Han pasado tres décadas y la aparición del terrorismo integrista ha venido a corroborar el diagnóstico de Barnet y Müller. Después del 11-S Kapuscinski pudo escribir: "...el 11 de septiembre demostró que, en el mundo contemporáneo, las sociedades pueden sentirse seguras y protegidas solamente dentro de los Estados. Sólo el Estado puede proporcionar la correspondiente protección a la sociedad. El ataque contra Estados Unidos demostró que el hombre y la sociedad no pueden funcionar sin el Estado".

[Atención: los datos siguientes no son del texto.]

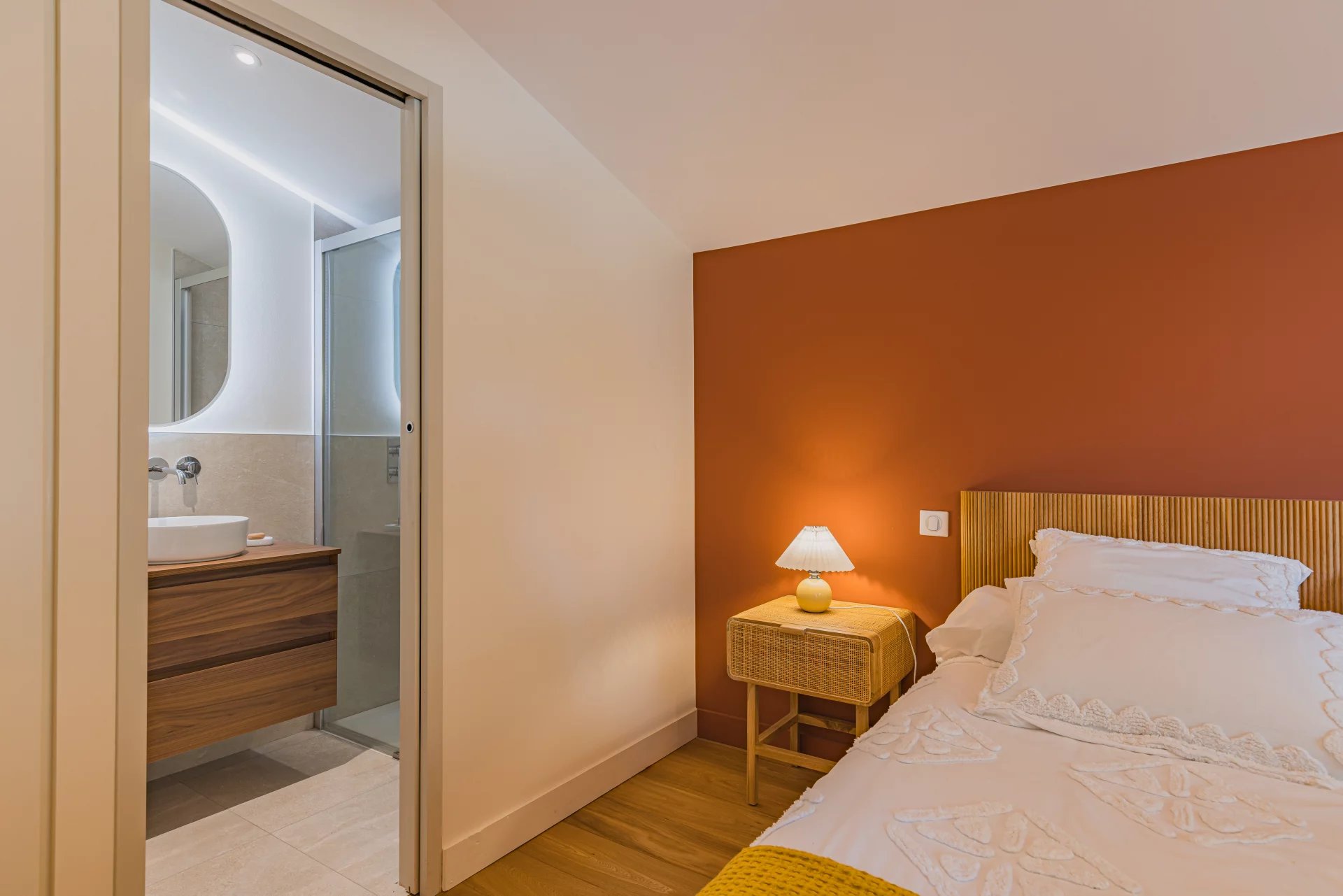 Upstairs, two bedrooms with their own private bathrooms enjoy a stunning view of the Bay, offering a soothing panorama at any time of day. A third bedroom on the ground floor, also equipped with its own bathroom, completes the layout designed for privacy and comfort. Air conditioning, optimized spaces, and meticulous finishes—together, they create a fully realized home, ready to move into.

El neoliberalismo necesita del Estado-nación por más que lo odie. Ciertos nacionalismos desean la fragmentación del Estado, o al menos su extremo debilitamiento, porque no hallan correspondencia entre los términos, Estado y nación. De ahí el mensaje del fallecimiento del Estado, anticuada estructura decimonónica. Pero el diagnóstico es falso. Se le ha dado una importancia excesiva a un factor que existe desde el advenimiento del Estado: la interdependencia, en su seno, del poder político y el económico. Pero nunca este último consiguió el Estado mínimo que deseaba. Creo que lo vio muy bien Galbraith.

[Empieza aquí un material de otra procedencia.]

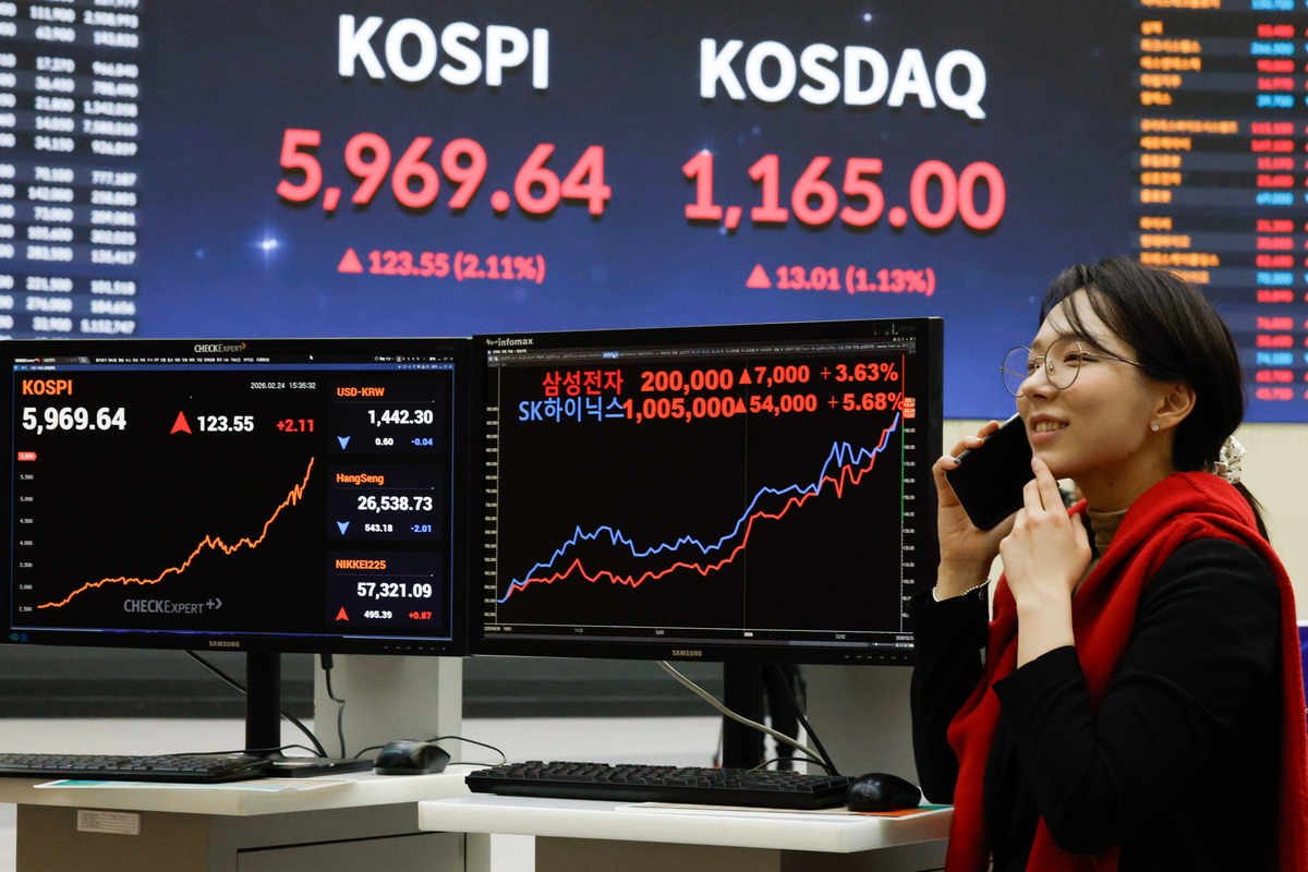 삼성전자와 SK하이닉스가 각각 20만·100만원을 돌파했다. 24일 삼성전자는 20만, SK하이닉스는 100만5000원으로 장을 마감했다. 코스피는 전 거래일보다 123.55(2.11%) 오른 5969.64로 장을 마감했다. 이날 서울 여의도 한국거래소 홍보관에서 관계자가 증시 상황을 지켜보고 있다.

Escribió Peter Drucker que el Estado debe hacer lo que sabe hacer y el resto, dejarlo en manos de la iniciativa privada. Esto entraña un intervencionismo mayor del que le gustaría a Vargas Llosa y al utilitarismo dieciochesco, aunque la separación entre ambas esferas, la pública y la privada, se mantiene. Si bien es cierto que el Estado puede fallar en la ejecución -y no en todos los ámbitos-, en la programación es imbatible. El qué, el cómo y el cuándo, más la figuración de los costes económicos y sociales, incluyendo en estos últimos el impacto medioambiental. Más lejos van otros autores, quienes al referirse a las multinacionales las ven como paulatinamente incardinadas en el aparato mismo del Estado, aunque este proceso no haya llegado todavía a su fin: "... uno puede preguntarse si la corporación no es, de hecho, una extensión del Estado moderno, una parte integrante de las más amplias disposiciones por las que somos gobernados" (Galbraith). Se perfila un híbrido tecnocrático de socialismo y capitalismo. Es difícil pensar que en un plazo de cien a doscientos años, ya en la era especial, la gran empresa, no los Estados, competirán por la explotación de los recursos planetarios o por la instalación allí de colonias terrícolas.

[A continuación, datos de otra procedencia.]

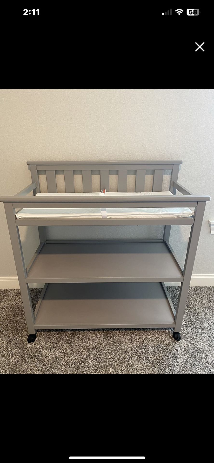 Delta Children Flat Top Changing Table with Wheels and Changing Pad -Gray

En situaciones de crisis, como la presente, todo el mundo se vuelve hacia el poder público y éste recupera lo que en realidad nunca ha perdido más que en apariencia: el mando. Las grandes empresas piden socorro al Estado (las aerolíneas, abusivamente) y cuidan mejor las cuentas. La soberanía de las naciones es mucho mayor de lo que se cree y se dice, escribió Jean-Paul Fitoussi, aquí en EL PAÍS, después del 11-S.

Manuel Lloris es doctor en Filosofía y Letras.

* Este artículo apareció en la edición impresa del jueves, 21 de abril de 2005.